After the dramatic effects caused by almost unstoppable spread of Sars-Cov-2, one of the most recurring topic addressed by studies and governments all over the world has become avoiding it a second time. The aim of this article is to address this issue from a different perspective, looking at the root causes that led to the current situation, by understanding which is the probability that new epidemic phenomena could occur in the future.

Starting from the results of a prediction of zoonotic spillover coming from mammals, which provides an overview of the geographical places where the pathogens transmission between species are the most likely, the main mobility flows will be analyzed in order to determine the possible spread of a future pandemic.

In particular, the aim of the analysis is to preview possible spread scenarios, based on human mobility networks and the global spread of influenza-like viruses.


Outbreaks of highly contagious animal infections such as swine fever, avian influenza and the novel coronavirus occur with serious public health implications and socioeconomic consequences. Revised understanding of the factors facilitating the introduction and subsequent spread of these viruses is crucial for future effective control.
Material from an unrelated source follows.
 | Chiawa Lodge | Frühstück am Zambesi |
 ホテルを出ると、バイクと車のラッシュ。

The majority of human infectious diseases, which caused recent epidemics, are zoonosis, originating in wild mammals. Therefore the comprehension of the patterns of viral diversity in wildlife and the determination of the successful cross-species transmission, or spillover, are the goals for pandemic surveillance. Olival et al [1] proposed a study in which a model is developed with the aim to predict where in the world and in which host species is most likely to have zoonotic transmission. The author’s outcome shows the geographical hotspot of “future spillover” in South and Central America, Africa, and Southeast Asia (with variations depending on the species analysed and the total mammal richness). On this conclusion, the goal of the current paper is to suggest an analysis of new pathogens infection spatial spread in order to produce geographic risk maps.

The spread of the pathogens causing a pandemic in people is particularly driven by human mobility flows and for this reason human mobility patterns continue to be analyzed in order to determine the spatiotemporal dynamics of an epidemic. A model, called Global Epidemic and Mobility (GLEaM), that integrates demographic analysis and population mobility data in a stochastic approach has been developed to simulate the spread of epidemics at worldwide scale [2]. The work of Balcan et al., affirms that, given a set of initial conditions for a local outbreak of a new influenza-like virus, the timelines of the arrival of the epidemic in each country and the consequent infected peaks are mainly affected by the human mobility network that connect the different world region.
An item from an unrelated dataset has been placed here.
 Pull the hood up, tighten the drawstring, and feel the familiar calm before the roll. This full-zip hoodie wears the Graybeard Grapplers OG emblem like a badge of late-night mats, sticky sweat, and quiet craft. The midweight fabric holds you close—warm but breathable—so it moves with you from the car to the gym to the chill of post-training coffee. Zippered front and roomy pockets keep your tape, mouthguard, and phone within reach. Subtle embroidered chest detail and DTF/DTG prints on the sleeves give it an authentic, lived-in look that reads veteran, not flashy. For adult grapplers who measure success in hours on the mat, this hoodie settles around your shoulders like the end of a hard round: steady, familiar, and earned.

At worldwide scale, international movements of passengers by air travel appears to be the most relevant factors for dissemination of the pathogen [3] and govern the global pandemic behavior. With focus on European countries it is possible to see how Merler et al. [4] using a simulation model of the spread of influenza pandemic determine that the importation of the first case from abroad is more likely to occur in the population high mobility areas such as the Western part of Europe.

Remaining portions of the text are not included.